Phillies Notes: Sandberg's gamble on replay pays off

Phillies shortstop Jimmy Rollins ( right) tags the Braves' Andrelton Simmons left as he tries to steal second in the fifth. After an instant-play review, Simmons was called out. DAVID MAIALETTI / Staff Photographer
Phillies shortstop Jimmy Rollins ( right) tags the Braves' Andrelton Simmons left as he tries to steal second in the fifth. After an instant-play review, Simmons was called out. DAVID MAIALETTI / Staff Photographer
Posted: April 19, 2014

The fifth-inning play at second base - Atlanta shortstop Andrelton Simmons scrambling after oversliding the bag on a stolen-base attempt, Jimmy Rollins applying the tag - was close enough Thursday for Phillies manager Ryne Sandberg to take a slow walk.

When he got to second base, Sandberg looked into his dugout to bench coach Larry Bowa, who checks the replay and signals the manager either with a thumbs-up or a palms-down "no" indication to let him know if he should challenge the call.

But instead of one of those two signals, Bowa gave a palms-up "I don't know" shrug.

"That's not what I was looking for. That's a new sign he just threw in in the moment," Sandberg said with a laugh after the Phillies defeated Atlanta, 1-0, behind a strong seven-inning start from A.J. Burnett.

In the end, Sandberg went for the challenge and, after a 1-minute, 47-second review, Simmons was ruled out.

"I looked up at the scoreboard, fifth inning, and the way A.J. was pitching in an 0-0 game," he said. "If it's inconclusive, let's take a shot right there.

"It was one of those things, to use one before it gets too late before the seventh. The way he was pitching, a bloop right there or something, that could be a run. So it was worth the risk."

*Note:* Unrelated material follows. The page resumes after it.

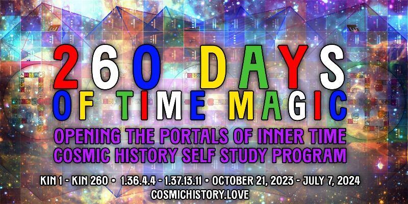 コズミック・ヒストリー自習プログラムKin 1 – Kin 260: 1.36.4.4 – 1.37.13.112023年10月21日 – 2024年7月7日cosmichistory.love260 日間の自習パイロット プログラムは、 Kin 1 (2023 年 10 月 21 日) から、コズミック・ヒストリーサイトのインナータイムのセクションで提供されます。それは2024年7月2日のKin 260で終わります。これにより、青い律動の嵐の年(2024年7月26日)から始まる9年間のビジョンマップの中間点に入ります 。この 260 日サイクルは、Kin 1/自己存在の月4日 (2023 年 10 月 21 日) の参加者向けのライブ ストリームで始まります。リンクはインナータイムに掲載させていただきます。またこの日は、9 年間のビジョン マップの結末である 2029 年 7 月につながる 2080 日の サイバンク サイクルの始まりでもあります。260 x 8 = 2080。私たちは、5 つの時間の城を 260 日間、それぞれ 13 日間の 20 のウェイブスペルで意識的に生きます。全体性の統合に焦点が当てられます。現時点では、コントロールされた物語を超えて、私たちのより大きな目的と使命を意識し続けるために、心、体、精神を規律することが最も重要です。13日ごとに、日々のコードを追跡しながら、コズミック・ヒストリーと時間の法則から異なるテーマに焦点を当てます。自分のペースで進めることができます。各ウェイブスペルの音 1 で、ビデオまたはオーディオが、その 13 日サイクルの主要テーマの説明と概要とともにインナータイムに投稿されます。必要に応じて、瞑想やグラフィックテンプレートも提供される場合があります。それは私たちのテレパシー分野に応じて進化する直感的なプロセスになります。手頃な価格を維持し、すべてのキンが知識を利用できるようにするために、サブスクリプションベースで月あたりのコストをわずか 13 ドルに抑えていることに注意してください。私たちは多言語での翻訳を利用できるように取り組んでいます。この取り組みから利益を得られるのであれば、私たちはあなたのサポートを活用することができます。時間の法則財団への 1 回限りまたは月ごとの寄付を検討してください 。これは私たちがこの作業を継続するのに役立つ、非常に有難いものになります。ご検討をお願いいたします。
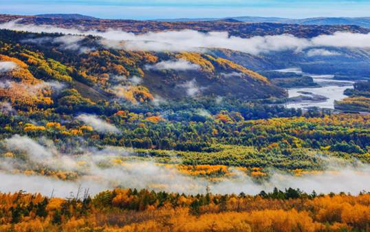 黑龍江經(jīng)濟(jì)網(wǎng)訊(記者魏?。┖邶埥那锾?,是大自然饋贈(zèng)的最華麗的狂歡,那濃得化不開(kāi)的五花山色,明艷動(dòng)人,一望無(wú)際,似列維坦筆下寫(xiě)實(shí)的秋彩:各類(lèi)喬木正由綠向金黃漸變,當(dāng)中夾雜著火紅的楓葉、蒼翠的松枝、銀白的瀑布……比起夏日滿眼的綠色,更多了一份五彩繽紛的浪漫,一條條通向天際線的公路,仿佛可以直達(dá)天界。

Sandberg said he didn't see Simmons' hand come off until after he got back to the bench.

Hamels tune-up

In what was expected to be his final rehab outing, Cole Hamels went seven innings, giving up three hits and one run, on a home run, for Clearwater. The lefthander, who is recovering from left-biceps tendinitis, is scheduled to join the Phillies rotation next week in Los Angeles.

The pitch count

If Cliff Lee seemed unconcerned about throwing a career-high 128 pitches during his 1-0 loss to the Braves Wednesday night, he has good reason.

It was the 17th time in his career that he has logged at least 120 pitches in a game. One of the other times was during the final game of the 2006 season with Cleveland. In the 15 games he went to the mound in the same season following a 120-pitch or more outing, Lee is 10-2 with three no-decisions and a 2.10 earned run average.

That includes 11 starts in which he allowed two earned runs or fewer and five starts in which he did not allow a run.

"I felt strong on the last pitch and I felt strong on the first pitch," Lee said Wednesday. "That's what you want to do. You want to be a guy that they're going to let go back there after you've thrown 100-plus pitches and pitch the ninth inning. That's what I expect to do and I'm glad they allow me to do that. That's what I work in the offseason for and prepare my body to do, so it's not anything crazy to me."

Lee is scheduled to pitch again Monday against the Dodgers in Los Angeles.

On to the West

The Phillies open a three-city, 10-game road trip Friday night against Colorado, with righthander Jonathan Pettibone (0-0, 1.80 ERA) going up against the Rockies' Tyler Chatwood (0-0, 6.00).

The Phillies' Kyle Kendrick (0-1, 3.50) will start Saturday night against Jordan Lyles (2-0, 4.32), and Roberto Hernandez (1-0, 3.86) will go in the series wrapup Sunday against Juan Nicasio (2-0. 3.50).